I never said he wasn't a great reporter. Or a great American. Or that I didn't believe his story. Now that we've settled that, can you can yank yourself out of bootlicking mode (you're still smarting over the fact that the Washington Post passed you over, aren't you) and give a substantive assessment of the story's sourcing? I'm beginning to think that Hamas is right about you.

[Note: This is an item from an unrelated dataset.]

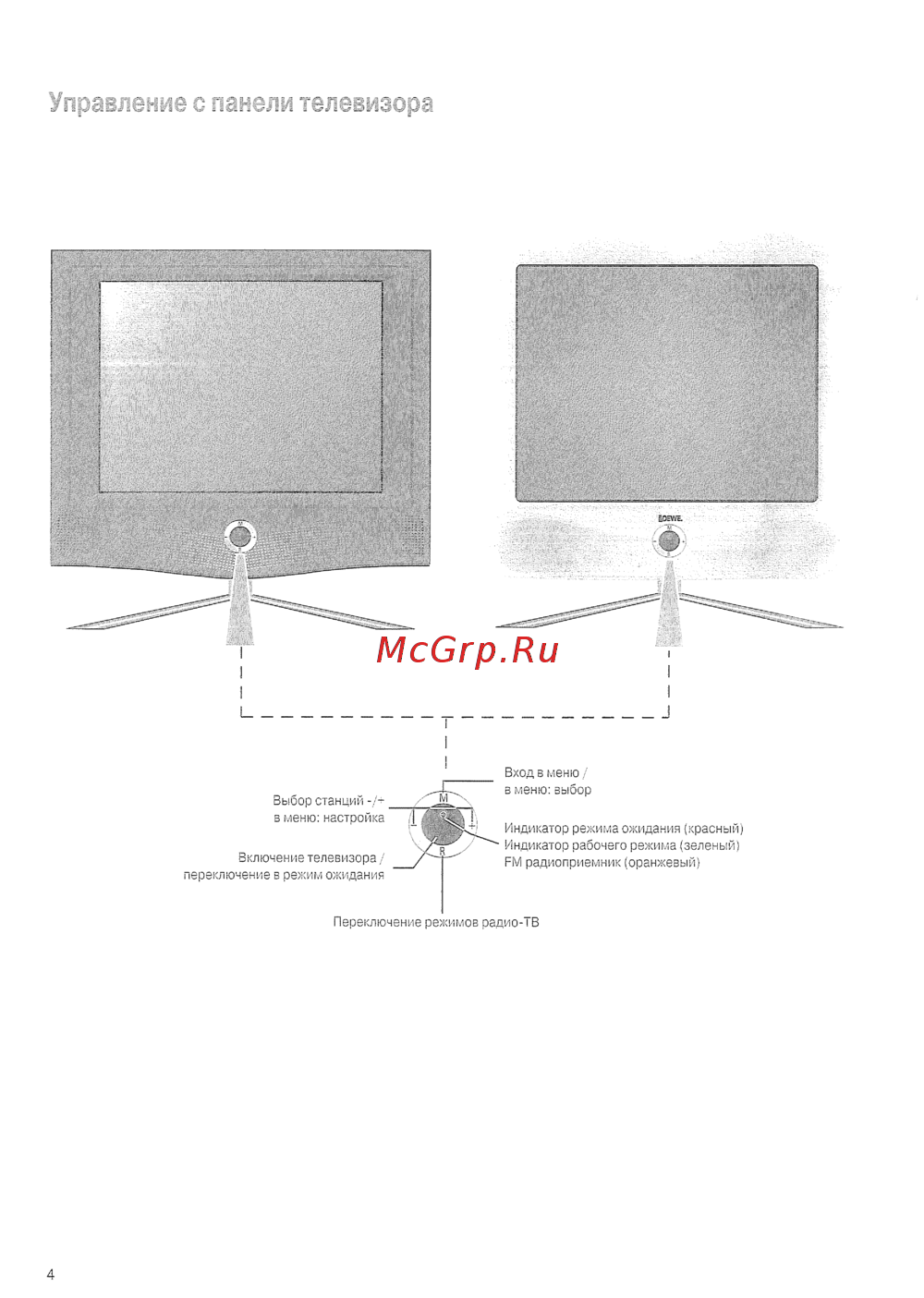 I________ I Выбор станций в меню настройка Включение телевизора переключение в режим ожидания Вход в меню в меню выоор Индикатор режима ожидания красный Индикатор рабочего режима зеленый РМ радиоприемник оранжевый Переключение режимов радио 1В 4
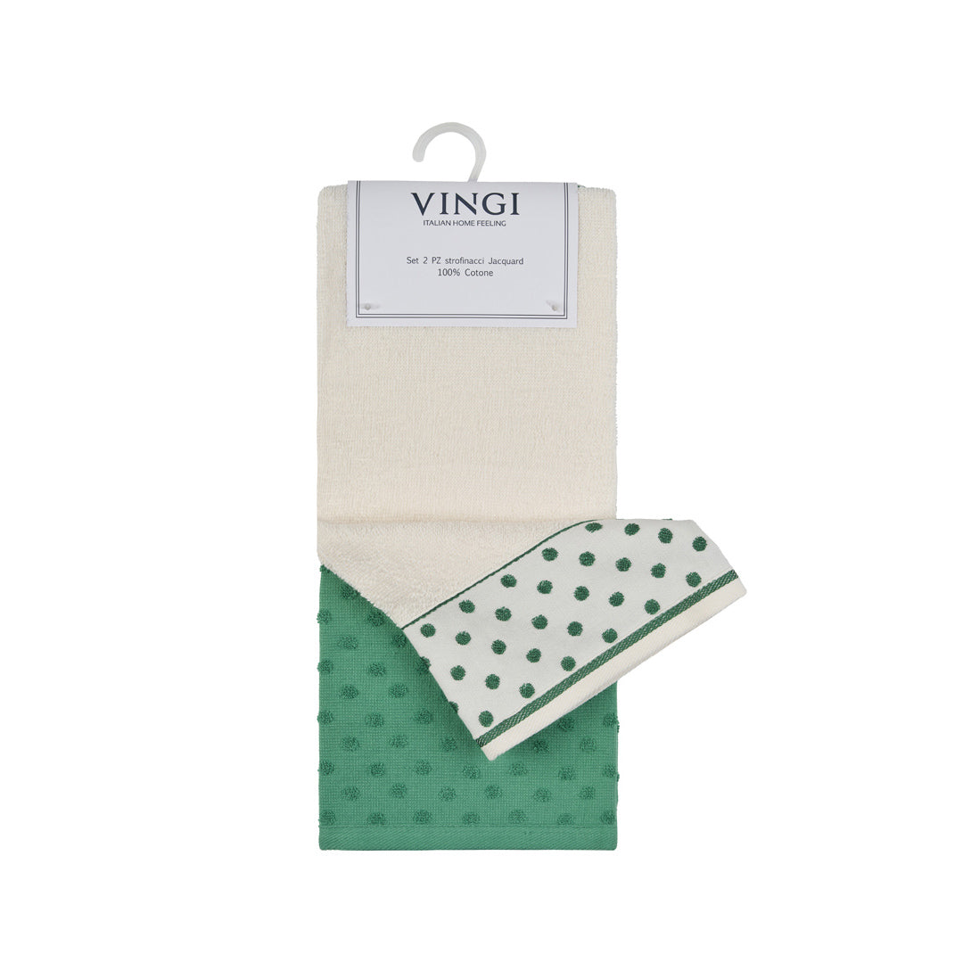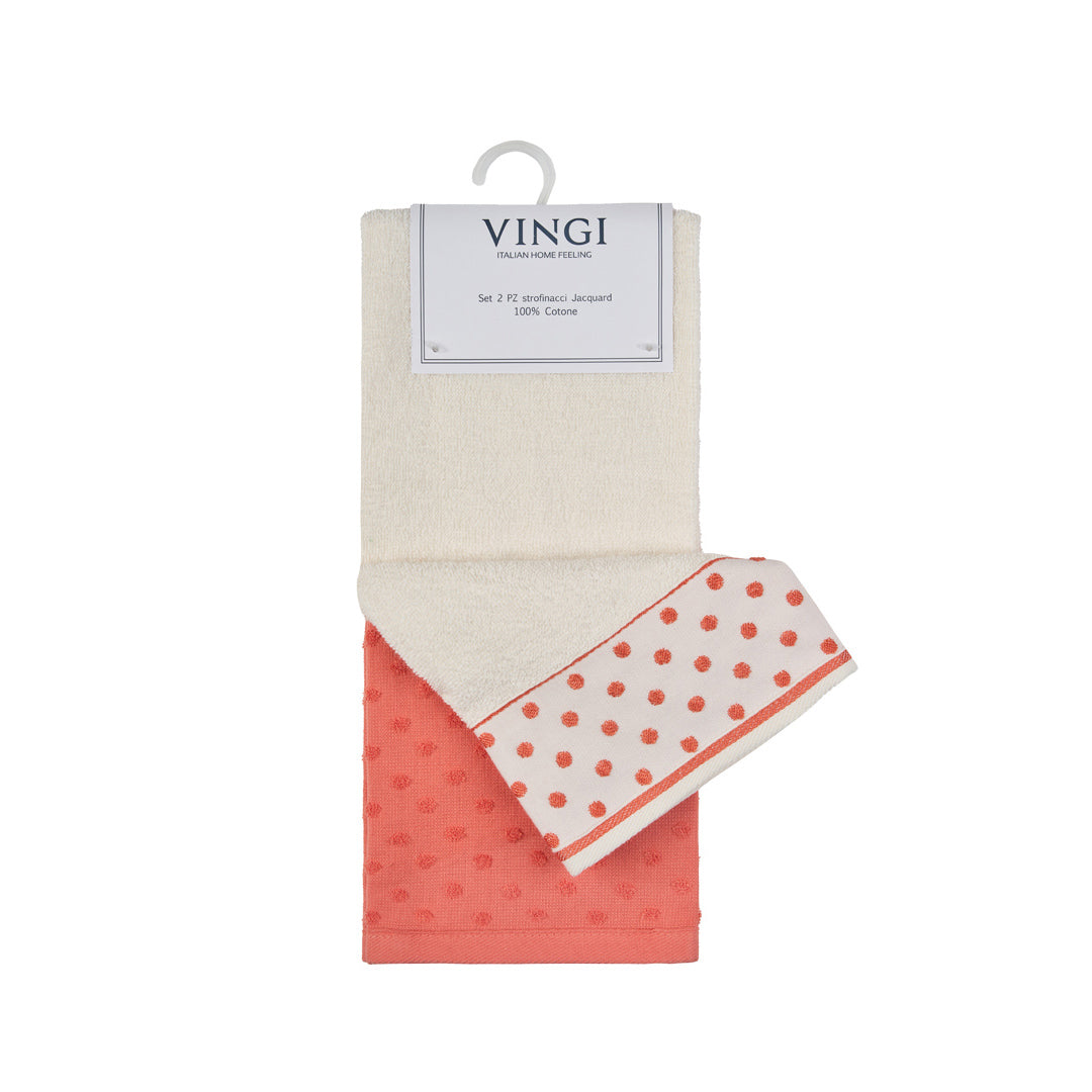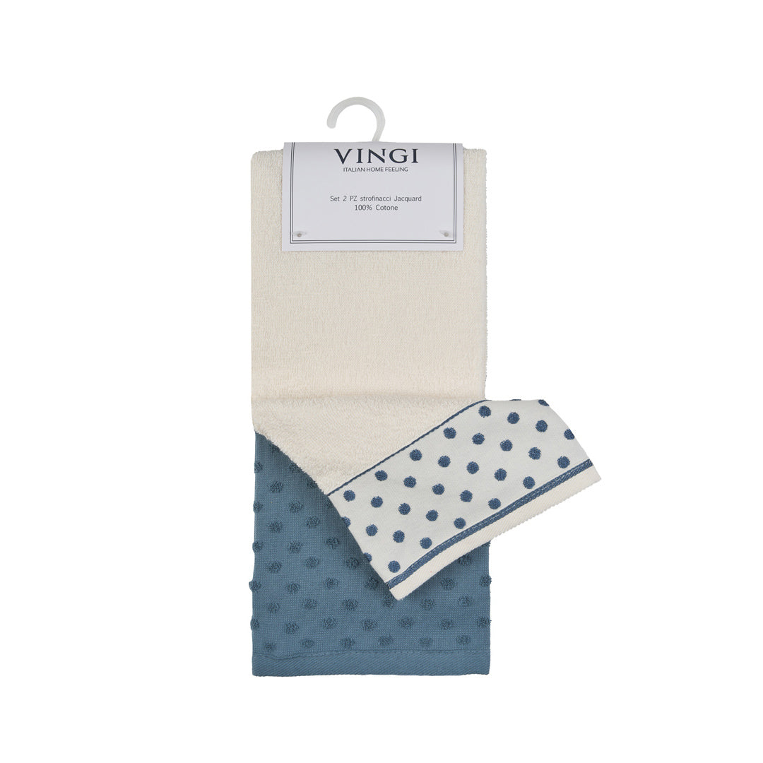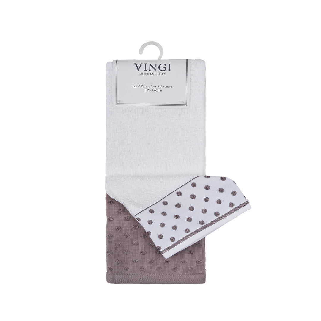 Nuova collezione, eleganza infinita. Il set di 2 strofinacci Infinito è realizzato in cotone Jacquard, con un design a pois unico e moderno. Ideale per l'asciugatura delle mani o come tovaglia per la tua tavola. Lussuoso e pratico, con appendino per un facile utilizzo. Soluzione perfetta per la tua cucina di classe.

I, too, experienced the White House fire drill bells and whistles you mentioned in your last mail. The Imperial Death Star quality of Washington has always rankled me: Black helicopters patrolling the federal corridor; streets shut down because the president decides to motor his convoy to an upper Northwest residence for a fund-raiser; cars towed away from the scene of presidential fund-raisers because the random backseats might contain bombs. Slate's offices are three or four blocks from 1600 Pennsylvania Ave. N.W., which puts us in this loathsome National Security Police State. The feeling of lockdown ratcheted up only slightly when Lynne Cheney started to work out of an office in our building again. Secret Service agents--the truly secret ones whose identities are concealed from anybody who can't spot the earwax-stained fiber-optic cords hanging from their lobes--mob the joint every time she visits. In fact, I just happen to occupy the very office that Lynne Cheney previously worked out of. It's the largest Slate D.C. office. A McOffice, if you will. But even if Cheney didn't work here, the police state feel would continue because the Mayflower Hotel is next door. (Rereading this, I sound like a whinging pom. I'm grouchy because I live in a well-kept totalitarian corridor? Please give me better material to work with next time.)
Anyway, I ignored the police sirens and sidestepped the fire department hook-and-ladder that was blocking traffic because it misnegotiated the intersection of 17th and M Streets N.W. and met my girl for lunch at the Tabard Inn. You've been there, I assume. It's Washington's idea of a charming little hotel and restaurant, but its charm works only if you stand 4 feet tall. (Every time I'm there, I expect a 4-and-a-half-foot version of Basil Fawlty to goose-step into the dining room and shout, "Duck's off!")
We were having a tasty lunch, and then it happened, as it has happened so many times before: A human bullhorn across the way turned it up to 11. Several hundred three-letter acronyms (TLAs) poured out of this female jackass' mouth as she regaled her lunch companion with her division's first quarter plans. Now, I understand that when I go to a restaurant I'm not promised the peace and quiet of my home. But why, tell me why is it that every time my girl and I dine out, we're always seated in the proximity of a shouter? Do I bring it out in them? I seem to bring it out in you.
I was tempted to call the secret Secret Service and have them escorted out.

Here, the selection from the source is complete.